1. The complaint also names two parties in interest—Nina E. Wilk, as Kevin Wilk's assignee of the property subject to the mortgage, and the Department of the Treasury, Internal Revenue Service, as the holder of a tax lien against the Wilks. See 14 M.R.S. § 6321 (2012).
2. Because this property is not “an owner-occupied residential real property,” this case was not referred to the foreclosure mediation program. See 14 M.R.S. § 6321–A(2) (2012).

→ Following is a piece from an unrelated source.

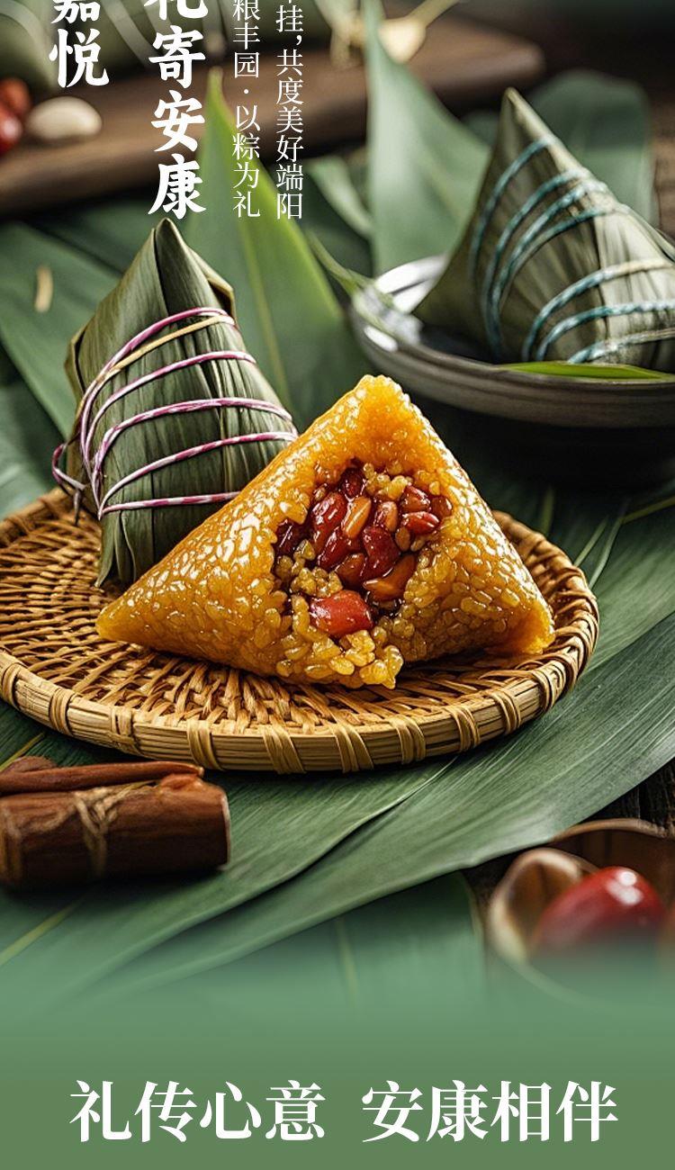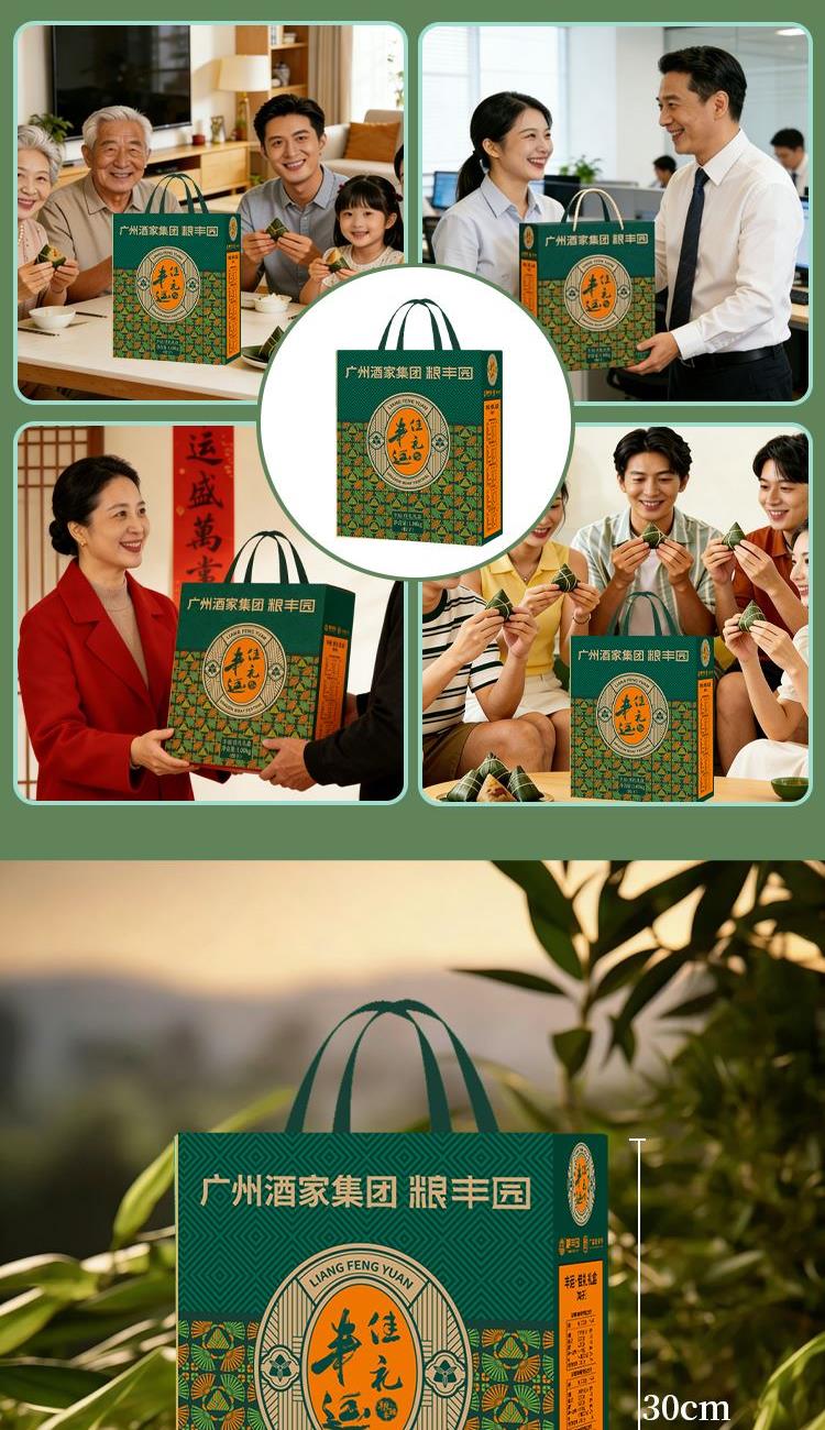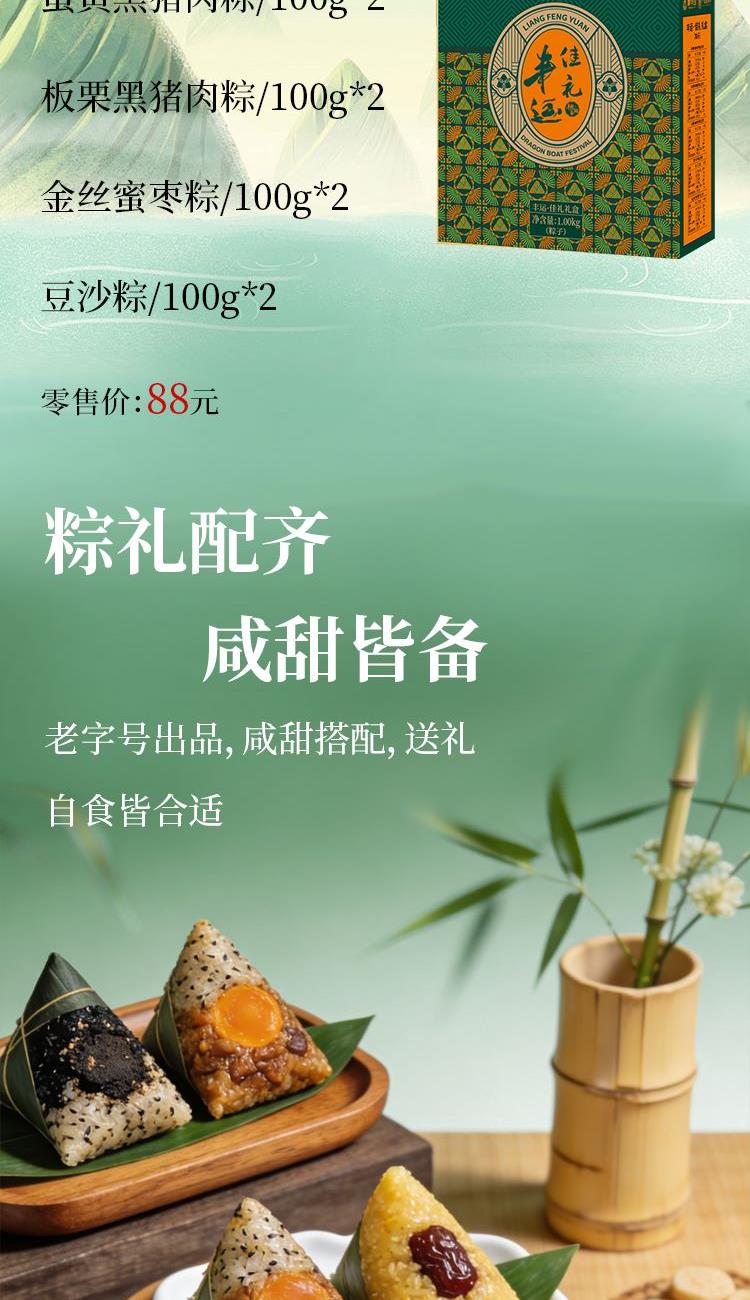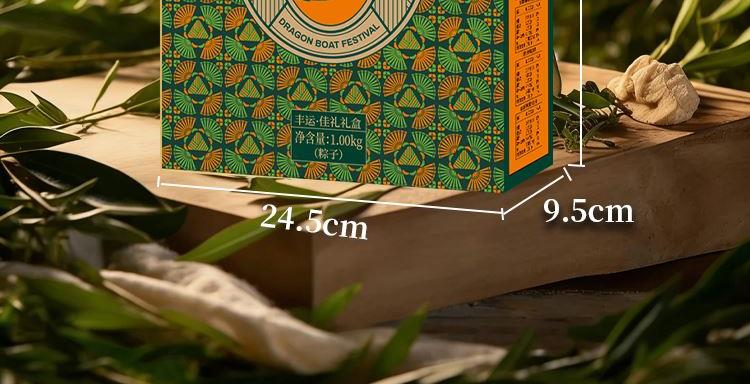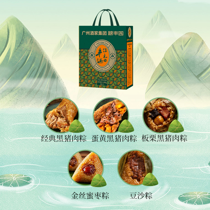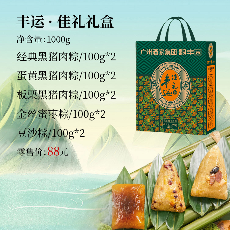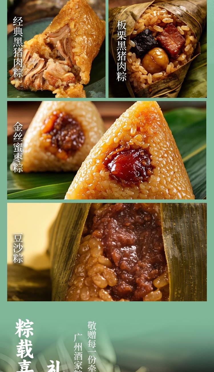 礼盒尺寸:24.5*30*9.5 内容物: 经典黑猪肉粽/100g*2 蛋黄黑猪肉粽/100g*2 板栗黑猪肉粽/100g*2 金丝蜜枣粽/100g*2 豆沙粽/100g*2 规格:1000g 保质期:9个月 百年广府,地道粤味,广州酒家 非遗匠心,粤菜标杆,国民品质之选 一席岭南风味,四季匠心好礼,认准广州酒家

3. Because Wilk's pleadings did not specifically deny the authenticity of the indorser's signature on the note or the capacity of the indorser, this issue is deemed admitted. See 11 M.R.S. § 3–1308(1) (2012) (“In an action with respect to an instrument, the authenticity of, and authority to make, each signature on the instrument is admitted unless specifically denied in the pleadings.”).
4. See, e.g., Burnell v. Burnell, 2012 ME 24, ¶ 13 n. 4, 40 A .3d 390 (a judge's handwritten notes); In re Pike Family Trusts, 2012 ME 8, ¶ 2 n. 2, 38 A.3d 329 (a will that was uncontested and part of the record in a different case); Guardianship of Jewel M., 2010 ME 80, ¶ 24, 2 A.3d 301 (protection from abuse orders); Philbrook v. Theriault, 2008 ME 152, ¶ 14, 957 A.2d 74 (prior divorce proceedings involving a party); Nadeau v. Nadeau, 2008 ME 147, ¶ 65, 957 A.2d 108 (per curiam) (the existence of prior lawsuits involving a party); Facilitators Improving Salmonid Habitat v. Towns Of Winterport & Frankfort, 2003 ME 33, ¶ 5, 819 A.2d 325 (prior actions involving the parties); Phelan v. St. Johnsbury Trucking, 526 A.2d 584, 587 (Me.1987) (a settlement between the parties).
5. See, e.g., Bard v. Lord, 2010 ME 48, ¶ 7, 997 A.2d 101; Wrenn v. Lewis, 2003 ME 29, ¶ 23 n. 4, 818 A.2d 1005.
6. See, e.g., State v. Moulton, 1997 ME 228, ¶ 17, 704 A.2d 361; State v. Taylor, 1997 ME 81, ¶ 10, 694 A.2d 907.